Adesso va meglio. Ci sono cose che si sanno, che sono vive dentro di sé, ma che non si riesce a dire, alle quali non si sa dare una forma. Grazie a Lea Melandri adesso va meglio. Mi spiego cominciando da lontano.
Passato il tempo del “sacro fuoco” della gioventù, passati gli splendidi quanto difficili anni Settanta, diventati uomini e donne adulti, molti compagni e molte compagne si sono “integrati” nella società e hanno cominciato a chiedermi se “ci credevo ancora”. Al comunismo, a un mondo migliore, a relazioni solidali...
E soprattutto a farmi notare che le lotte di allora sono state un fallimento, perché non hanno lasciato traccia nel presente. Io “ci credo ancora”, sono ancora qui, ho persino l’immensa fortuna di potermi nutrire dell’entusiasmo e della visione fresca, nuova e matura al tempo stesso, dei nostri ragazzi, perché ho uno splendido rapporto con alcuni Giovani Comunisti che stimo e con cui condivido alcune esperienze e riflessioni, crescendo ancora anche grazie a loro.

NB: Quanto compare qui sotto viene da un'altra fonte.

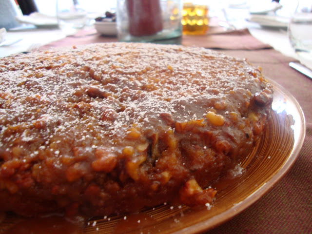 Quando o bolo estiver cozido retire do forno e desenforme-o ainda morno para o prato de servir. Verta depois a cobertura sobre o bolo.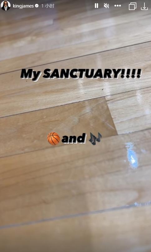 詹姆斯在Ins上更新动态,老詹正在挥汗苦练,配文写道:篮球和音乐是我的避难所;詹姆斯还晒出训练服被汗湿透了。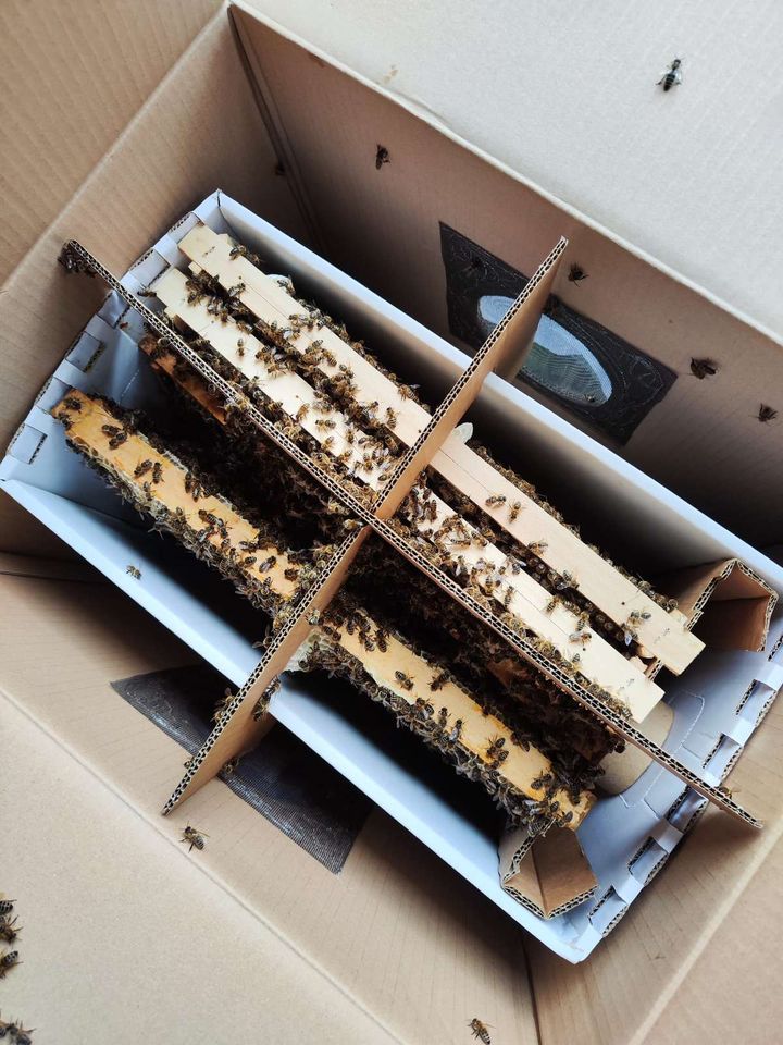 Zum dritten Mal nun kann ich mich über die Unterstützung der Firma Vogelsang freuen. In diesem Jahr sind die Mädels etwas weiter angereist, aus Österreich, aus der Imkerei Bienenjäger. Wie immer hat alles sehr gut geklappt, auch wenn meine Kinder etwas irritiert über die summende Kiste im Flur waren. Die Katzen fanden es prima und haben sich gleich draufgesetzt! Der Umzug von der Transportkiste auf die Beute hat sehr schnell geklappt. In diesem Jahr habe ich mich für einen roten Anstrich entschieden, natürlich mit einer speziellen Farbe.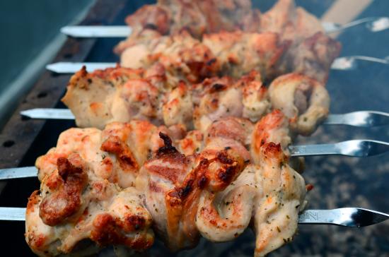 Wallpaper Tasty skewers on wooden skewers with sauce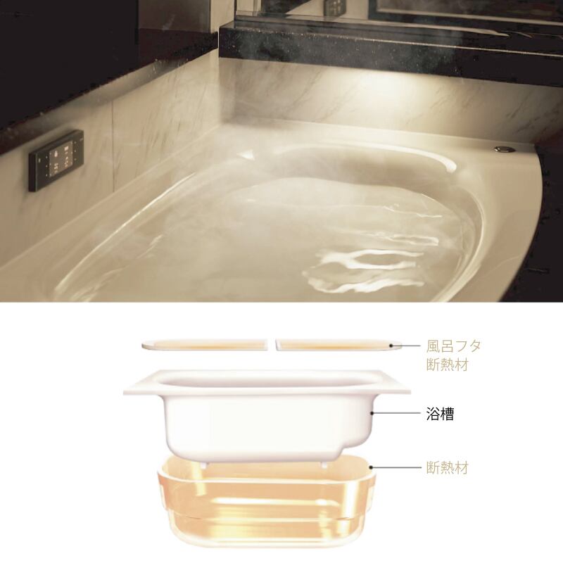■浴槽:マウント浴槽(ワイド)、マウント浴槽(弓形)、マウント浴槽(ナナメ)、腰掛け浴槽・スゴピカ素材(有機ガラス系)(単色・グロス色)(保温浴槽II)・リゾートバブル・浴槽ハンドルなし(1717はあり)、ポップアップ排水栓・断熱組みフタ、組みフタフック(メタル)
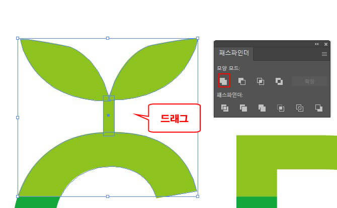 11 선택 툴을 선택해 두 잎사귀가 G 위에
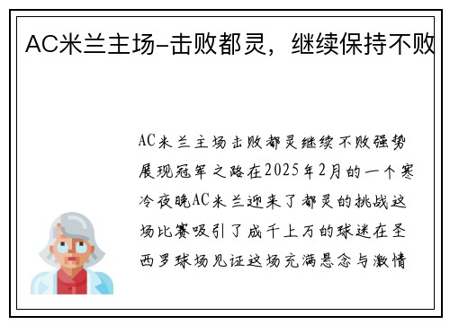 AC米兰主场击败都灵,继续不败:强势展现冠军之路 在2025年2月的一个寒冷夜晚,AC米兰迎来了都灵的挑战,这场比赛吸引了成千上万的球迷在圣西罗球场见证这场充满悬念与激情的较量。对于AC米兰来说,这场比赛不仅仅是一次常规的联赛对决,它关乎球队能否继续保持不败战绩、保持与顶尖球队之间的竞争力,也关乎球...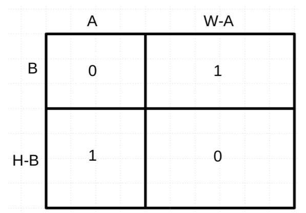 putchar('0' ^ (i < B) ^ (j < A));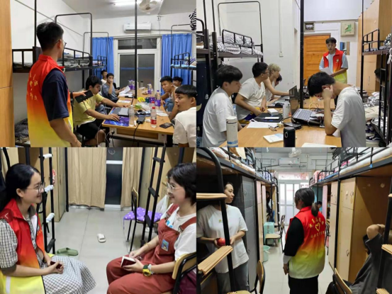 当晚,为保证新生入学能够拥有良好的休息环境,完善的生活服务,并确保每一位已经报到的新生可以尽快适应新环境,员工党员开启了宿舍走访。详细地询问了新生到校后住宿、就餐等方面的情况,并及时了解他们有无生活上的不便。
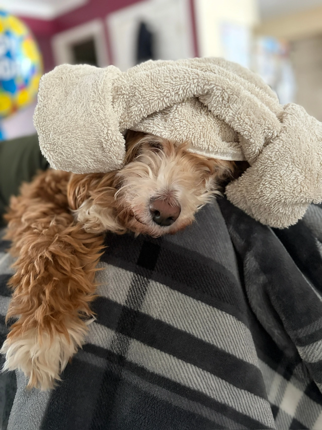 찜질방 타월 양머리 룩을 완벽하게 소화한 우리 빼꼼이, 작은 평화 속에 누워 있다.

Ma soprattutto non ho mai pensato che quello che abbiamo fatto trent’anni fa sia finito in niente. C’è ancora molto da fare, naturalmente. In primo luogo bisogna rendersi conto che nulla è conquistato per sempre. E forse questo è un errore che abbiamo fatto e stiamo pagando, in questioni come il lavoro e come l’aborto, per fare solo due esempi.
Tuttavia, credo che le nostre lotte abbiano inciso profondamente e in modo indelebile sul tessuto sociale, sulla cultura e sui costumi. Questi sono i nostri campi vincenti. Dove dobbiamo tornare per ottenere altri diritti o per difendere i vecchi, ma soprattutto dove dobbiamo guardare per riflettere sul nostro operare futuro.

Non mi sono dimenticata di Lea Melandri. Dal suo articolo ero partita e lì torno. Perché penso che quello che è rimasto di allora è ciò che è partito proprio dal movimento delle donne. Ripartire da lì significa ripensare, ma per davvero però, al ruolo delle donne nella società, nella politica e nel partito. Che non vuol dire liberarci delle seggiole contando i posti, quasi con compassione per chi da sola non sa prenderseli. Che vuol dire invece fare silenzio per un momento, ascoltare discorsi differenti come sono quelli delle donne, spesso considerati marginali e meno importanti rispetto a quelli ben più seri di chi si occupa di “Politica” con la P maiuscola: questioni internazionali e teorie varie.
Le donne di solito partono dalla vita quotidiana, vera, vissuta. Dal personale per renderlo politico. Così si coinvolgono le persone, secondo me. Occupandosi di temi riconosciuti come reali, subiti ogni giorno. E così, oggi possiamo dire che lo dimostra la storia, si ottengono risultati che restano. Certo, sono meno visibili, perché non sempre sono scritti nelle leggi, più spesso sono scritti nei corpi, nelle relazioni, nelle menti delle persone, e quindi vissuti presto come “naturali” (ancora Gramsci e l’egemonia...).
La mia pratica politica è lavorare nel Consiglio d’Istituto delle scuole delle nostre figlie, parlare con le persone e soprattutto vivere cercando di mettere in pratica ogni giorno e in ogni ambito (compatibilmente con le limitazioni sociali e legali che non sempre so superare) l’idea che ho di società futura, quello che intendo per comunismo. La gente di solito si accorge e si fa (e mi fa) domande. Mi piacerebbe che tutti provassimo a diventare simpatici virus di comunismo nel mondo.

Non dico con ciò che tutto il resto (ma si può separare il grande dal piccolo, il personale dal globalizzato?) non sia importante. Ma se comunisti siamo, dovremo cominciare a realizzare il nostro motto marxista: “da ognuno secondo le sue possibilità, a ciascuno secondo i suoi bisogni”. Se ciascuno e ciascuna potesse occuparsi di ciò che meglio conosce, fare politica dove e come più gli è congeniale, senza che alcuni temi e ambiti e modi vengano considerati superiori o inferiori agli altri, e se poi si potesse mettere in comune il sapere e l’agire di tutti, allora forse avremmo un partito meno maschilista e più diffuso. E magari una maggiore ricchezza di relazioni e realizzazioni politiche, oltre che, finalmente, un buon radicamento sul territorio.